LoopViT: Scaling Visual ARC with Looped Transformers
Wen-Jie Shu, Xuerui Qiu, Rui-Jie Zhu, Harold Haodong Chen, Yexin Liu, Harry Yang

TL;DR
LoopViT introduces a recursive vision transformer architecture with weight-tied recurrence and a dynamic exit mechanism, enabling more efficient and scalable visual reasoning that outperforms larger models on the ARC-AGI benchmark.
Contribution
It proposes LoopViT, a novel recursive transformer with weight tying and a dynamic halting mechanism, decoupling reasoning depth from model capacity for improved efficiency.
Findings
LoopViT achieves 65.8% accuracy on ARC-AGI-1 with only 18M parameters.
It outperforms larger 73M-parameter ensembles on the same benchmark.
Adaptive iterative computation proves more scalable than increasing network width.
Abstract
Recent advances in visual reasoning have leveraged vision transformers to tackle the ARC-AGI benchmark.
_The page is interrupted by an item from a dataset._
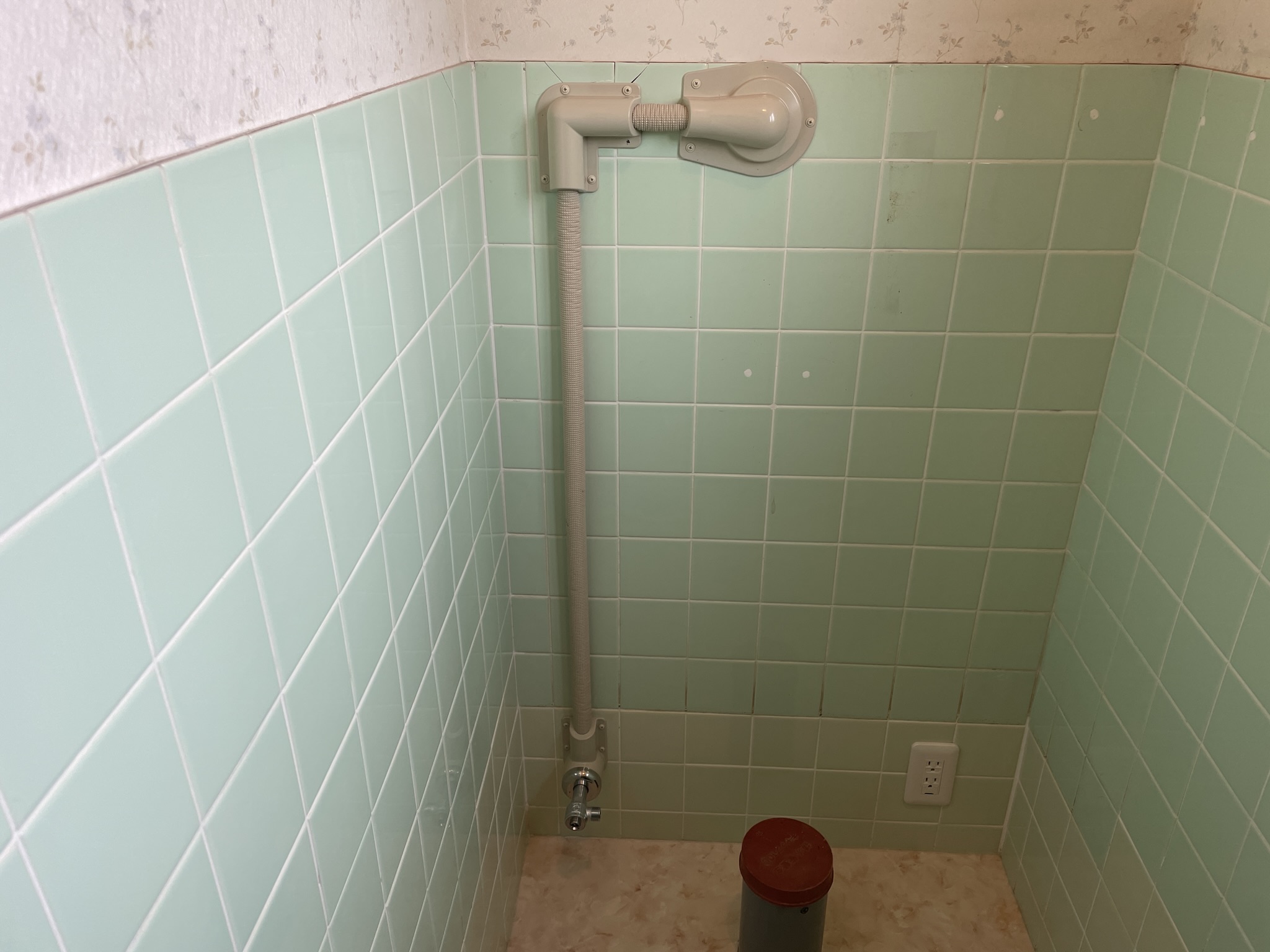 壁のタイルを復旧します。 タイルの色は既設に似たような色にて施工。 ※既設タイルはすでに廃番で同じ色はないため、類似色タイルにて。

However, we argue that the feed-forward architecture, where computational depth is strictly bound to parameter size, falls short of capturing the iterative, algorithmic nature of human induction. In this work, we propose a recursive architecture called Loop-ViT, which decouples reasoning depth from model capacity through weight-tied recurrence. Loop-ViT iterates a weight-tied Hybrid Block, combining local convolutions and global attention, to form a latent chain of thought. Crucially, we introduce a parameter-free Dynamic Exit mechanism based on predictive entropy: the model halts inference when its internal state ``crystallizes" into a low-uncertainty attractor. Empirical results on the ARC-AGI-1 benchmark validate this perspective: our 18M model achieves 65.8% accuracy,…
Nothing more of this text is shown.